With crops in the ground, Kinze Manufacturing’s Iowa facility has shifted from building planters to grain carts. But the stamped steel flowing through production lines now costs much more than it did two years ago.
Farm equipment prices, both new and used, keep climbing despite plummeting demand — a paradox squeezing farmers already reluctant to spend amid a pressured farm economy.
The main culprit? Tariffs that have cost manufacturers billions and fundamentally reshaped the agricultural machinery market.
In its latest report for May, the Association of Equipment Manufacturers documented a 56% decline in U.S. combine sales, while tractor sales dropped 21%.
Used inventory is shrinking across categories — down 28% for utility tractors, more than 16% year over year for high-horsepower tractors, 10% for combines, 19% for sprayers and about 26% for planters, according to Sandhills Global’s market report for May.
“If you look at a number of these [machinery] companies, there’s no question that they’re hurting over the last few years with sales and everything because farmers are reluctant to spend,” said Joseph W. Glauber, former chief economist at USDA.
It’s been one year since President Donald Trump’s Liberation Day, when he announced a baseline 10% import tax on all countries while doubling Section 232 steel tariffs from 25% to 50%. Manufacturers have absorbed some of those added costs, while passing others on to farmers.
In its latest earnings call, CNH Industrial reported that ag machinery-related tariffs have cost the company $120 million.
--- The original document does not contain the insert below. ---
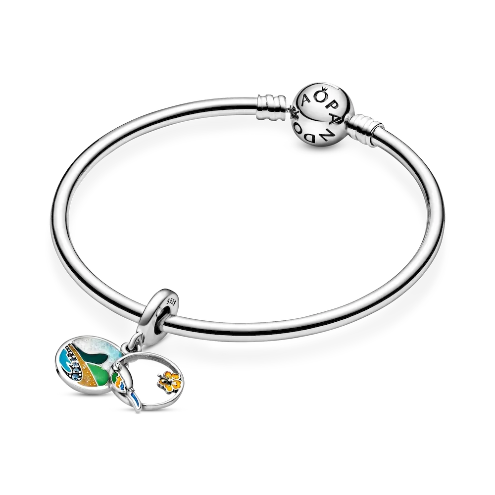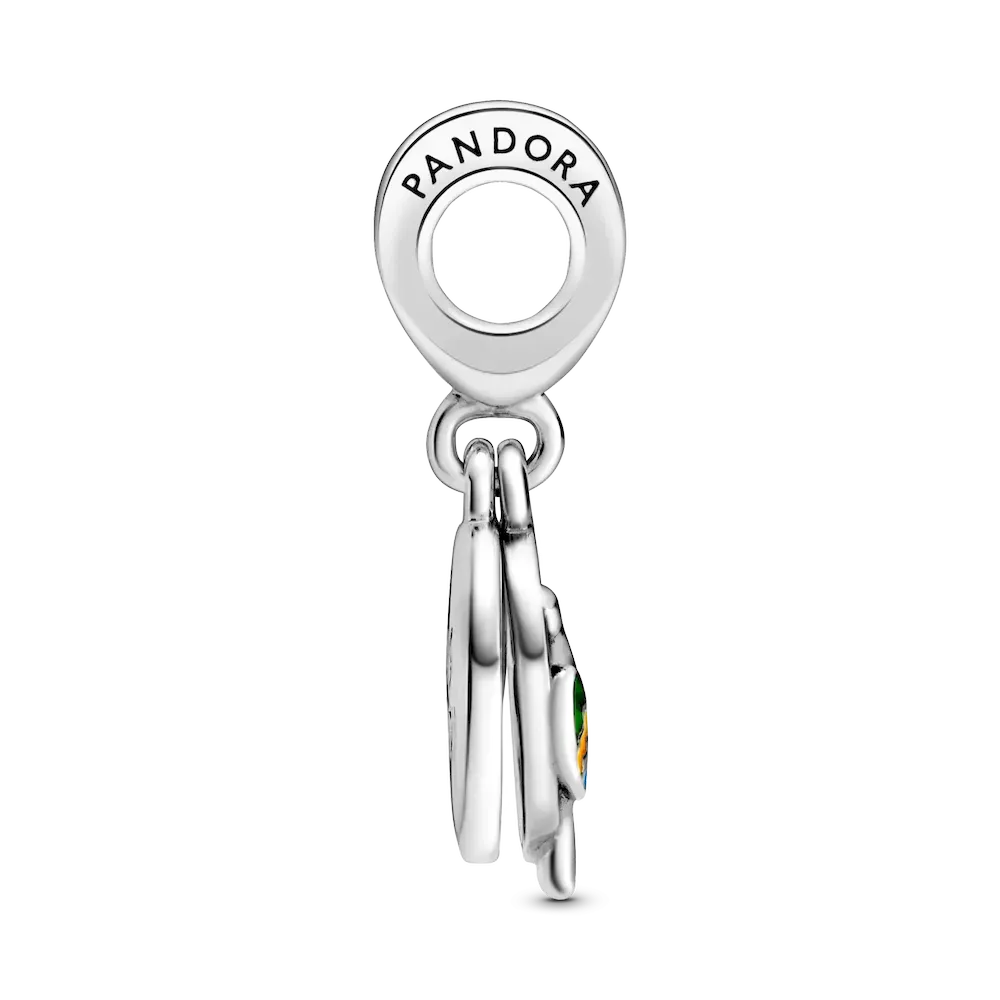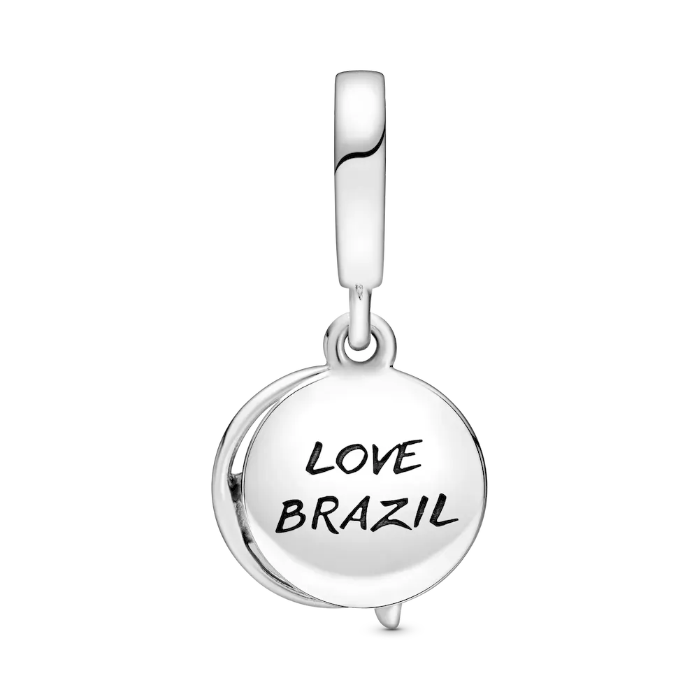 Commemorate the trip of a lifetime or honor your Brazilian heritage with this Brazil Beach & Parrot Dangle Charm. Featuring a double dangle design, one dangle shows a beautiful Brazilian beach scene with sparkling icy blue crystals. The second dangle is open front and depicts a parrot and hibiscus flower with colorful enamel detailing. The rear of the dangle charm is engraved with the words “Love Brazil” to remind you of the special country.

Caterpillar, meanwhile, anticipates spending more than $2 billion on tariffs this year.
Easing equipment burden
With farmers facing increasing input costs amid an unpredictable commodity market, further aggravated by trade disputes, rising equipment prices seem untenable. In response, the Trump administration recently reduced its 25% tariff on imported farm equipment to 15%. Manufacturers that source 85% of steel domestically qualify for a 10% rate.
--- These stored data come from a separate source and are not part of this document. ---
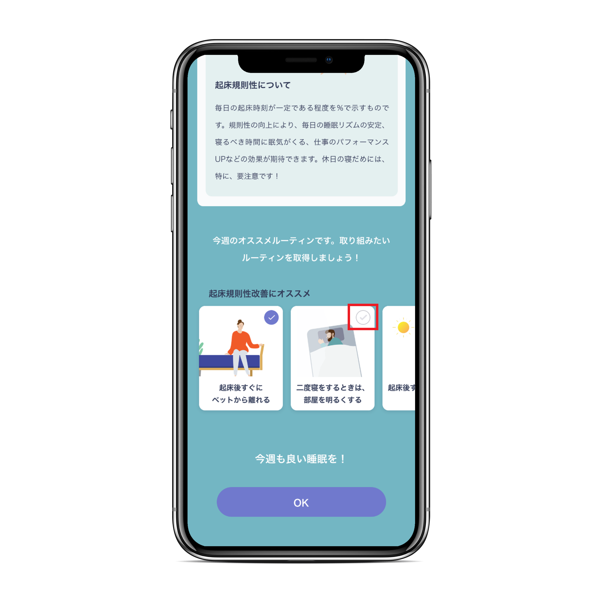 2. プログラム開始後は、毎週土曜日に週間レポートが生成され、レポート画面で翌週に取り組みたいルーティンの選択をします。翌週に取り組みたいルーティンを選択(Tap)しましょう。(各ルーテインの右上「✓」マークをタップします)。取り組みたいルーティンにチェックが入ったことを確認し、画面下部の「OK」ボタンをタップします。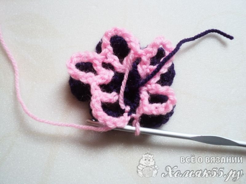 Меняем пряжу на розовую. Теперь нам нужно так же сформировать 5 арочек. Поэтому делаем 7 ВП и вяжем 1 ССН в эту же точку, затем делаем 1 ВП. Далее продолжаем вязание так же. То есть вяжем 1 ССН в центральную петлю лепестка, делаем 7 ВП и еще 1 ССН сюда же.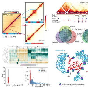 真核生物中基因组的三维折叠在基本的生物学过程中,如细胞分化、转录调控、基因组复制及DNA修复,发挥了重要作用。鉴于真核生物中生物学基本过程的普遍保守性,研究人员一直推测基因组三维空间折叠的基本特征应该也是保守的。然而,果蝇基因组结构的研究发现,哺乳动物细胞中所发现的基因组重要结构特征之一,即拓扑结构域(TAD; topologically associated domains)是由复合蛋白CTCF及cohesin所定义,在果蝇中似乎并不成立。那么,这是否意味着昆虫和哺乳动物是通过不同的机制来构建TAD这一基本结构单元呢?这一问题的解决不但具有基本的生物学意义,也会为果蝇作为模式动物在染色质生物学中的应用提供了重要基础。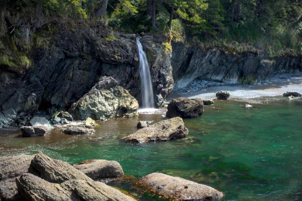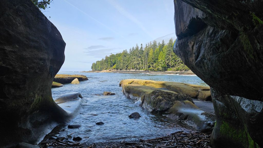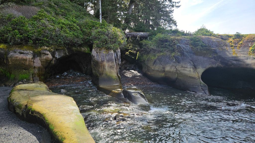 Unser nächster Campingplatz lag direkt am Strand in einer ziemlich ruhigen Bucht. Wir verbrachten dort aber erstmal nicht so viel Zeit und zogen weiter zum Botanical Beach. Ein Strand mit beeindruckenden Felsstrukturen. Dort wanderten wir mit einigen Kletterpassagen entlang der Küste. Plötzlich konnten wir einen Otter beim Fressen eines Fisches beobachten. Leider war er, nachdem er uns bemerkte, sehr scheu, sodass er nicht zurück zu seinem Essen kehrte, solange wir in der Nähe waren. Ich konnte dennoch ein gutes Bild erlangen.

But that’s a difficult mark to hit. Today’s farm equipment is constructed via a globalized capitalistic system. No one country does everything, which makes it difficult for companies to source so much domestically. Components are built and shipped from everywhere, crossing many borders before final assembly.
“If you make it more expensive to do business in the United States, to manufacture in the United States, then you could actually have a counterproductive result, where the incentive is for companies to produce elsewhere so they can get raw materials and get the parts more affordably,” said Bryan Riley, director of the National Taxpayers Union’s Free Trade Initiative.
Claas, for example, moved production of its Lexion 8000 Series combine from Omaha, Neb., to Germany last fall, citing high import costs.
Experts say reducing tariffs on farm machinery is a positive step toward a healthier manufacturing environment — and lower equipment costs for farmers.
“I don’t think the story is done yet in terms of where the final tariffs will be on farm machinery,” Glauber said.
Perhaps not. But not everyone has the luxury of waiting to find out if they’re further reduced because machinery investments can’t always be planned. Old machines can only be pushed so far.
For those who need to buy now, it might be as good of a time as ever. Used equipment prices are stabilizing, if not softening somewhat. The Trump administration’s 10% tariff cut — good through the end of next year — will assuredly provide a little more breathing room within tight financial margins.